Complications and Patterns Worth Tracking
Short-term hyperglycemia can cause dehydration, electrolyte problems, ketones, and emergency illness. Long-term high glucose can harm blood vessels and nerves. The effects may involve the eyes, kidneys, feet, heart, brain, and peripheral nerves. That is why a symptom log, routine lab testing, and regular follow-up can matter even when a person feels mostly well.
Patterns are often more useful than isolated readings. Bring your clinician a record of fasting values, after-meal values if you check them, symptoms, low-glucose episodes, illness days, medication timing, and any missed doses. If you use a continuous glucose monitor, ask how to interpret time in range, overnight trends, and repeated highs after meals.
- Diabetic Kidney Disease explains how high glucose can affect kidney health over time.
- Diabetic Retinopathy covers eye-related complications and why screening matters.
- Foot checks, nerve symptoms, dental health, and blood pressure also belong in routine diabetes visits.
Authoritative Sources
These medical organizations provide patient-facing information on hyperglycemia, symptoms, and safety escalation. Use them alongside advice from your own healthcare team.

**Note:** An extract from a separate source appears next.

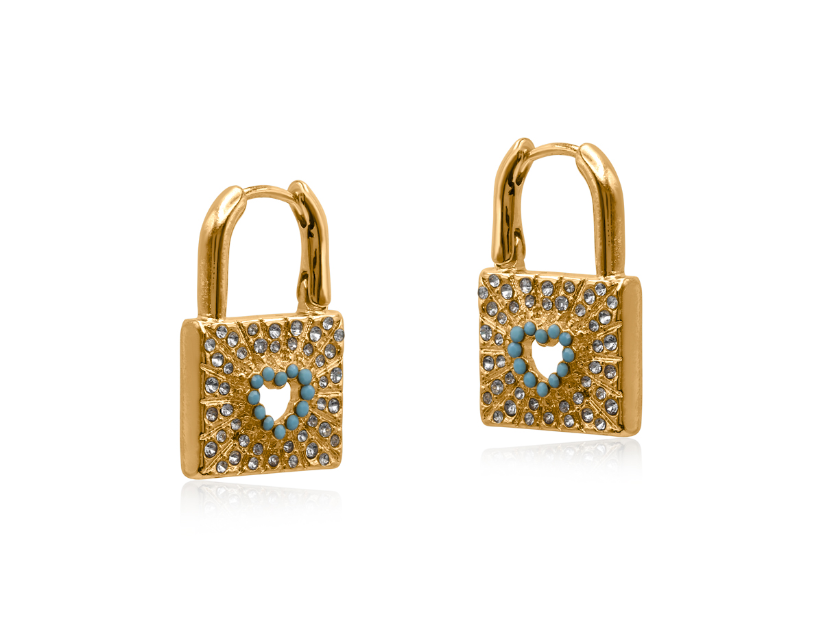 These handcrafted Siren’s Padlock Huggies feature bold rectangular lock charms encrusted with clear crystals and finished with a delicate heart-shaped cut-out framed in turquoise. A striking symbol of love and protection, these statement huggies add sparkle and edge to any look. At least 50% of the brass used in the jewellery we make is recycled from leftover/overhead materials. All posts are hypoallergenic and made from surgical steel.

- American Diabetes Association guidance on high blood glucose
- CDC guidance on diabetes signs and symptoms
- NHS guidance on high blood sugar and action steps
Tracking the signs and symptoms of hyperglycemia is not about blame. It is about noticing change early, checking glucose when appropriate, and knowing when a high reading needs clinical help. If symptoms are new, severe, or paired with repeated high readings, ask a qualified healthcare professional what plan fits your situation.
This content is for informational purposes only and is not a substitute for professional medical advice.